[Stored entries]
+-------+

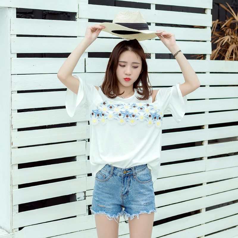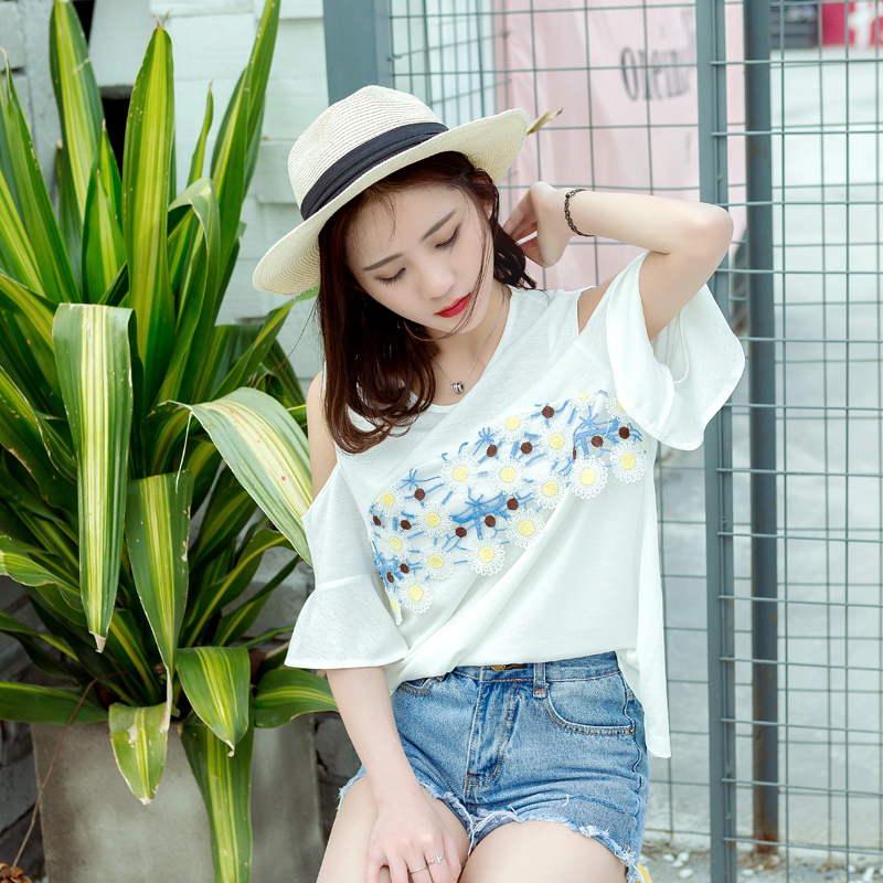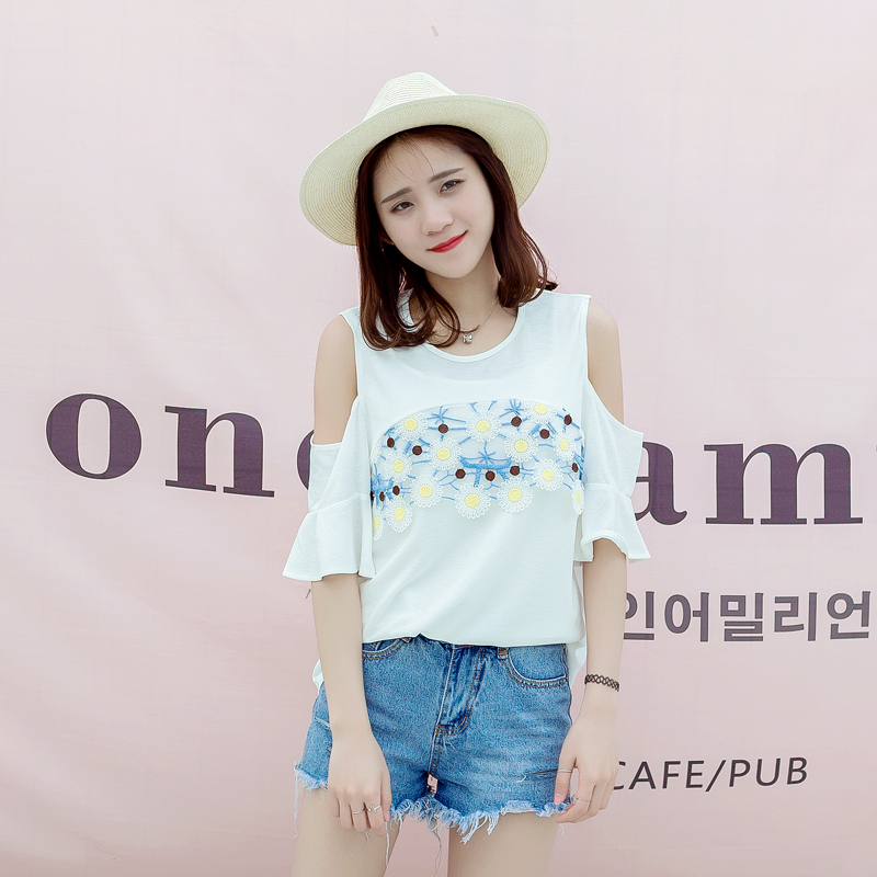 春夏裝韓版女裝新款學生寬松露肩上衣刺繡荷葉邊短袖雪紡衫潮
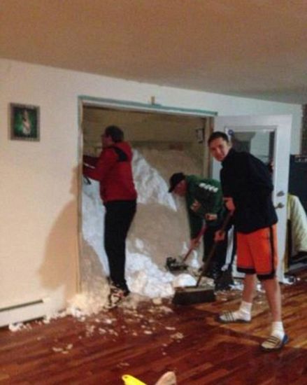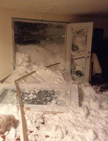 Tuyết tích tụ làm bật cửa một gia đình ở Cheektowaga, New York.
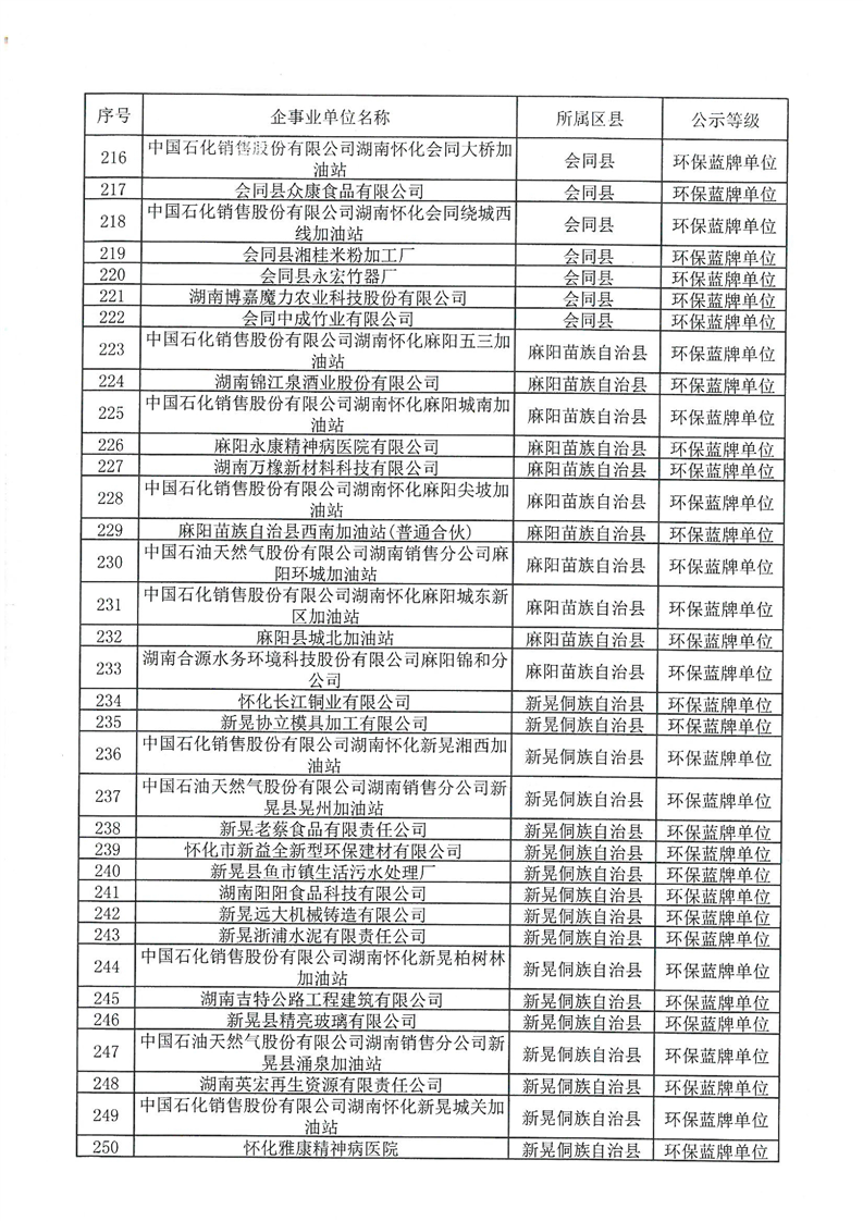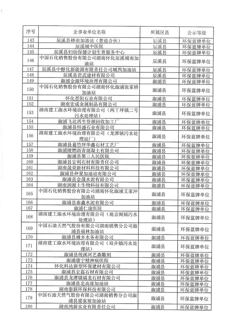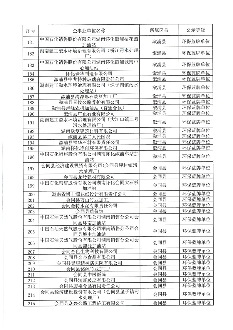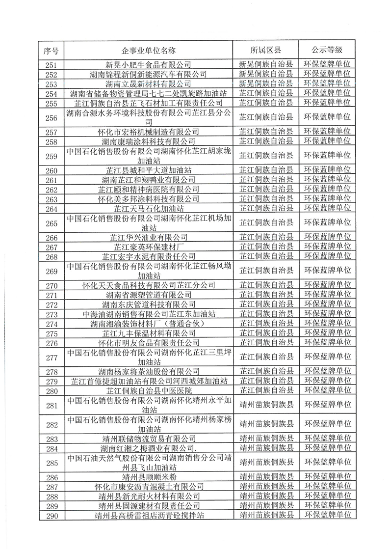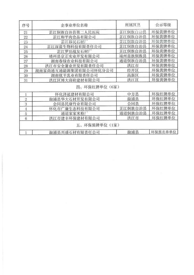 怀化市2024年度市级参评企事业单位环保信用评价拟定结果公示
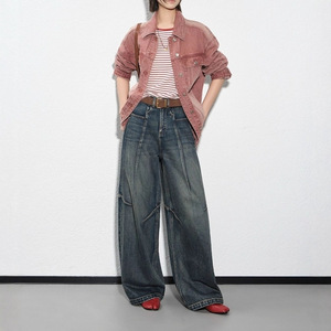 美洋1MEIYANG 1蓝箭牛仔裤 先锋解构趣味拼接弯刀裤
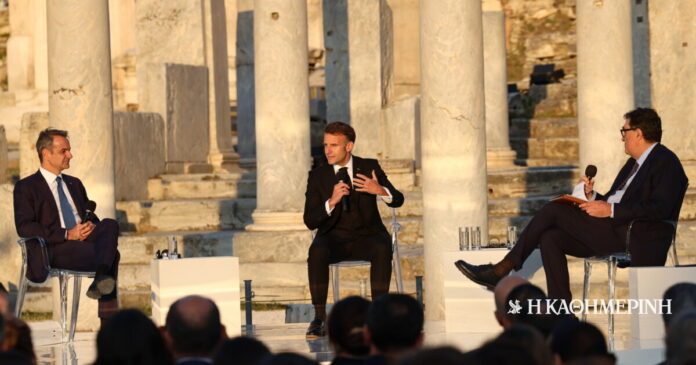 Σε μια κρίσιμη και ρευστή γεωπολιτικά εποχή, ο πρόεδρος της Γαλλίας Εμανουέλ Μακρόν και ο πρωθυπουργός της Ελλάδας Κυριάκος Μητσοτάκης θα συζητήσουν σχετικά με τις προκλήσεις που αντιμετωπίζει σήμερα η Ευρώπη και τον δρόμο προς το αύριο. Τη συζήτηση θα συντονίσει ο διευθυντής της εφημερίδας Η Καθημερινή, Αλέξης Παπαχελάς.
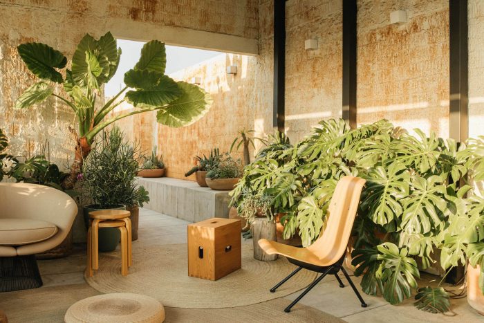 在这个元素下,一个永恒的和多功能的空间已经被创造出来,有不同的用途(沉思的花园,工作空间和会议空间),通过整合办公室设计的元素,如浇铸的混凝土家具和悬挂的腐蚀钢壁炉来加强;通过与客户一起选择的艺术和装饰元素来补充场地的使用。在房间的后面,有一面墙,其退化的颜料给泥土色调的调色板带来一种新鲜感。在一侧,支撑结构的柱子为墨西哥城天际线的标志性全景提供了视觉框架。
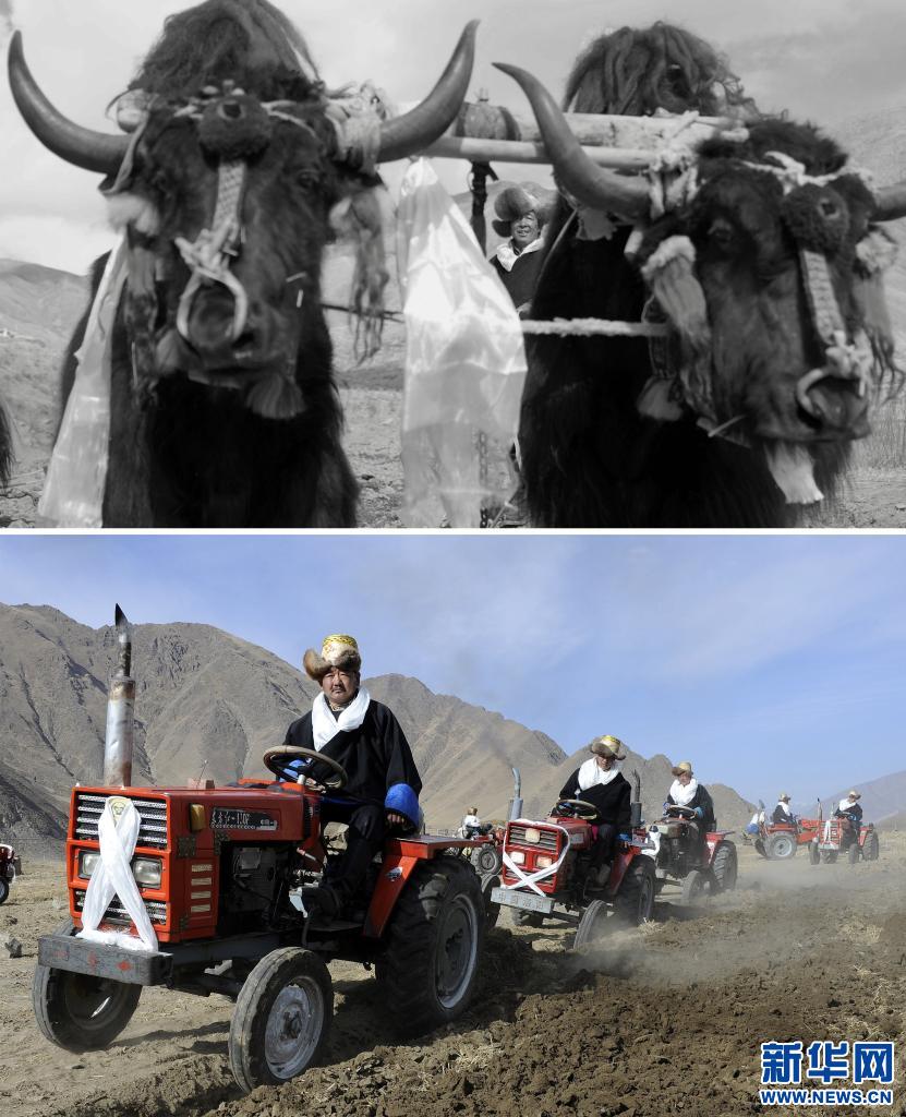 上世紀(jì)70年代,拖拉機(jī)第一次進(jìn)“公社”大院,藏族人民以迎接“新娘”的隆重儀式迎接“鐵牛”。
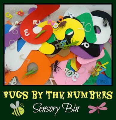 This activity was inspired by a book called Bugs by the Numbers by Sharon Werner and Sarah Fords. With some foam number stickers, large foam numbers, glue guns, and other supplies, you can easily make this bug-inspired sensory bin.
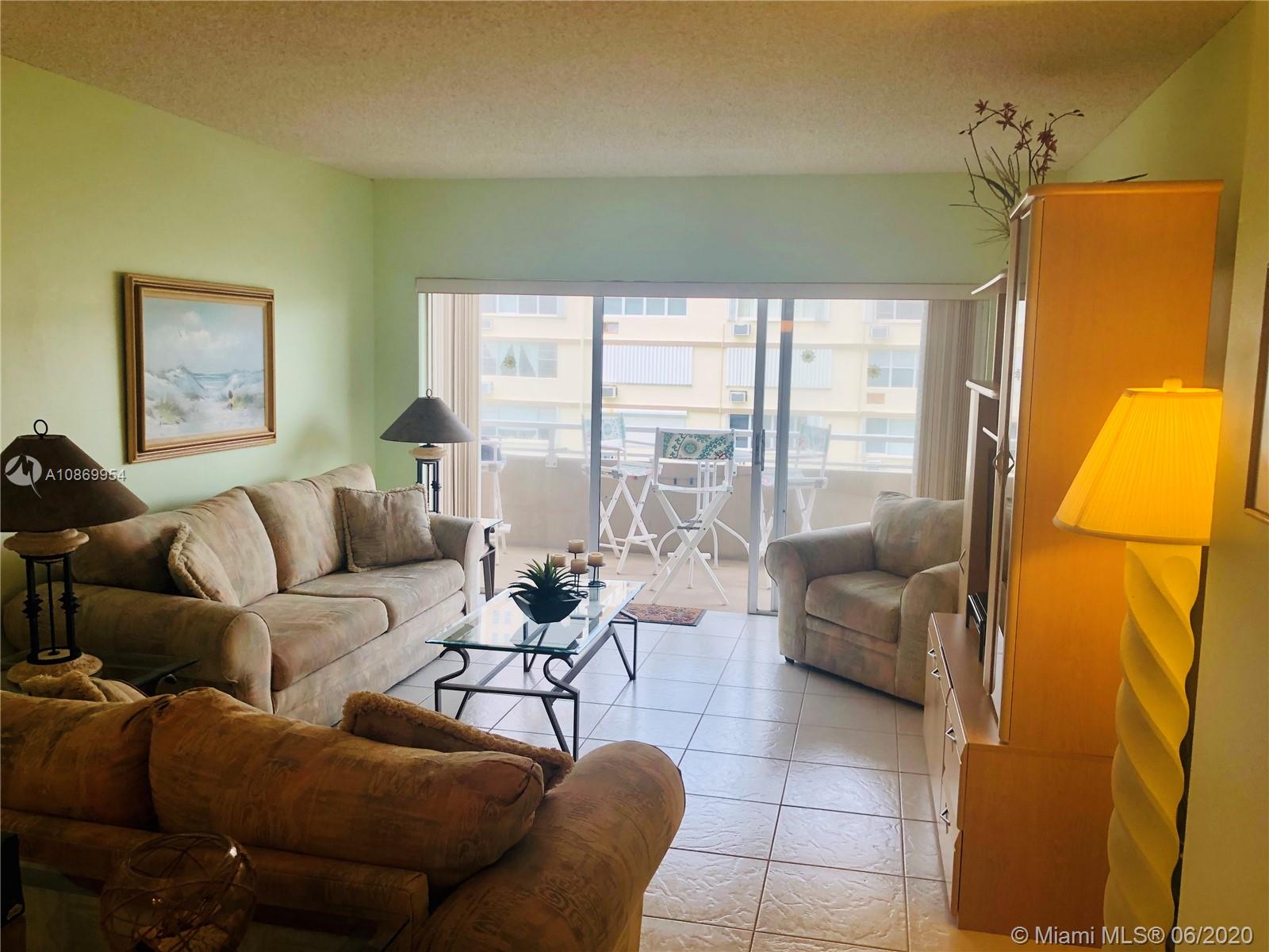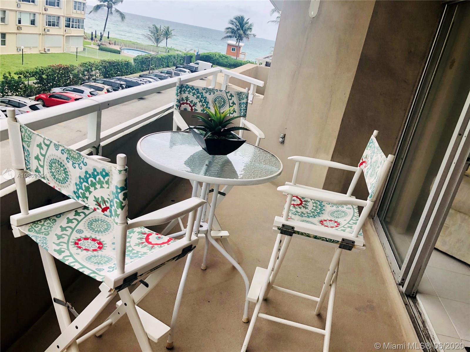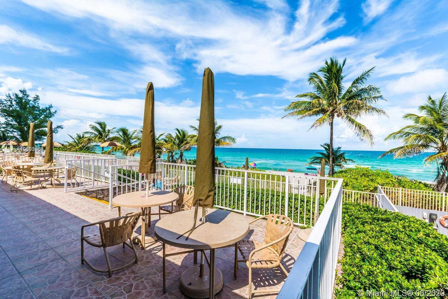 Oceanfront Condo nestle between Fort Laud. & Miami. Impeccable large furnished unit with eat in kitchen, walk in closet, build in bar, lots of closet space, large balcony, serene ocean view. Unique living experience, on 17 Acres of prime real estate between the Ocean and Intercostal, 2 restaurants, snack bar, 2 pools, tennis courts, putting greens, driving cage, basketball courts, 2 toddler pools, hair salon, marina and more. Ok to lease. Maintenance includes, electric, cable, internet, ac maintenance and more. Everything in place, furniture, utensils, bedding..just move in!. Price to sell!

+-------+

• **Work to complete**
Copy the records above from the first line through the line containing "美洋1MEIYANG 1蓝箭牛仔裤 先锋解构趣味拼接弯刀裤", both included, and leave out any pictures.

• **Task answer**
 春夏裝韓版女裝新款學生寬松露肩上衣刺繡荷葉邊短袖雪紡衫潮
 Tuyết tích tụ làm bật cửa một gia đình ở Cheektowaga, New York.
 怀化市2024年度市级参评企事业单位环保信用评价拟定结果公示
 美洋1MEIYANG 1蓝箭牛仔裤 先锋解构趣味拼接弯刀裤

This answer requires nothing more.